Behavior controlled by CompilationConfig.custom_ops: On by default if 'all', off by default if 'none'. When PyTorch Inductor is used, 'none' is the default value, otherwise 'all'.

Source code in vllm/model_executor/custom_op.py
@staticmethod
def default_on() -> bool:
    """
    Behavior controlled by `CompilationConfig.custom_ops`: On by default if
    'all', off by default if 'none'.
    When PyTorch Inductor is used, 'none' is the default value,
    otherwise 'all'.
    """
    compilation_config = get_cached_compilation_config()
    count_none = compilation_config.custom_ops.count("none")
    count_all = compilation_config.custom_ops.count("all")
    assert count_none + count_all == 1

    return not count_none > 0 or count_all > 0

dispatch_forward

dispatch_forward(compile_native: bool)
Source code in vllm/model_executor/custom_op.py
def dispatch_forward(self, compile_native: bool):
    # NOTE(woosuk): Here we assume that vLLM was built for only one
    # specific backend. Currently, we do not support dynamic dispatching.
    compilation_config = get_cached_compilation_config()

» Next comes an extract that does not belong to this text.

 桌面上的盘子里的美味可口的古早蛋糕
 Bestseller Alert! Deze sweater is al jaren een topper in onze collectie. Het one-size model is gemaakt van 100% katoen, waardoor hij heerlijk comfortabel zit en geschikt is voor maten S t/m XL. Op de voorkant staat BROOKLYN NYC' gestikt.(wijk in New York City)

    # NOTE(shen-shanshan): CustomOp object can be enforce enabled, e.g.,
    # enable device-specific kernels in ViT models when enabling graph
    # mode. By default, it will follow the compilation_config to determine
    # whether enable itself.
    # This enforce_enable mechanism will be removed after we adding a
    # separate compilation_config for multi-modal part.
    enabled = self._enforce_enable or self.enabled()
    if enabled:
        compilation_config.enabled_custom_ops.update([self.__class__.name])
    else:
        compilation_config.disabled_custom_ops.update([self.__class__.name])

    if not enabled:
        # Compile forward_native to avoid eager torch ops if inside
        # opaque torch custom op (e.g. fused_moe, unified_attention, etc.)
        return self.maybe_compile(self.forward_native, enable=compile_native)

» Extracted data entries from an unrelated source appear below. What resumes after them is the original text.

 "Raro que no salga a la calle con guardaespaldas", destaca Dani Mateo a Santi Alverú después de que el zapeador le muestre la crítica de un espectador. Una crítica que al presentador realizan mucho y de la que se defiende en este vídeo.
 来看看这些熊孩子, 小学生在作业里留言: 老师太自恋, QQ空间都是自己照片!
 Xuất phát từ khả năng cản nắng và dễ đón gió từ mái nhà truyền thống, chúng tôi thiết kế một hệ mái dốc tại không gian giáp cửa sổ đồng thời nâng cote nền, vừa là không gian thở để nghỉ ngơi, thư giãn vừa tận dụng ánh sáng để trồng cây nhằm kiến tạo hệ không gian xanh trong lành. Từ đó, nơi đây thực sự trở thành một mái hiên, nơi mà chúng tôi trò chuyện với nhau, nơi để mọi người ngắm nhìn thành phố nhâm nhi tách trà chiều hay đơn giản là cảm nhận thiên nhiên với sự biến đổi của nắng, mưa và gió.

    if current_platform.is_rocm():
        return self.forward_hip
    elif current_platform.is_cpu():
        return self.forward_cpu
    elif current_platform.is_tpu():
        return self.forward_tpu
    elif current_platform.is_xpu():
        return self.forward_xpu
    elif current_platform.is_out_of_tree():
        return self.forward_oot
    else:
        return self.forward_cuda

enabled classmethod

enabled() -> bool
Source code in vllm/model_executor/custom_op.py
@classmethod
def enabled(cls) -> bool:
    # if no name, then it was not registered
    compilation_config = get_cached_compilation_config()
    custom_ops = compilation_config.custom_ops
    if not hasattr(cls, "name"):
        logger.warning_once(
            "Custom op %s was not registered, which means it won't appear "
            "in the op registry. It will be enabled/disabled based on the "
            "global settings.",
            cls.__name__,
        )
        return CustomOp.default_on()

    enabled = f"+{cls.name}" in custom_ops
    disabled = f"-{cls.name}" in custom_ops
    assert not (enabled and disabled), f"Cannot enable and disable {cls.name}"

    return (CustomOp.default_on() or enabled) and not disabled

forward

forward(*args, **kwargs)
Source code in vllm/model_executor/custom_op.py
def forward(self, *args, **kwargs):
    return self._forward_method(*args, **kwargs)

forward_cpu

forward_cpu(*args, **kwargs)
Source code in vllm/model_executor/custom_op.py
def forward_cpu(self, *args, **kwargs):
    # By default, we assume that CPU ops are compatible with the
    # PyTorch-native implementation.
    return self.forward_native(*args, **kwargs)

forward_cuda

forward_cuda(*args, **kwargs)
Source code in vllm/model_executor/custom_op.py
def forward_cuda(self, *args, **kwargs):
    raise NotImplementedError

forward_hip

forward_hip(*args, **kwargs)
Source code in vllm/model_executor/custom_op.py
def forward_hip(self, *args, **kwargs):
    # By default, we assume that HIP ops are compatible with CUDA ops.
    return self.forward_cuda(*args, **kwargs)

forward_native

forward_native(*args, **kwargs)

PyTorch-native implementation of the forward method. This method is optional. If implemented, it can be used with compilers such as torch.compile or PyTorch XLA. Also, it can be used for testing purposes.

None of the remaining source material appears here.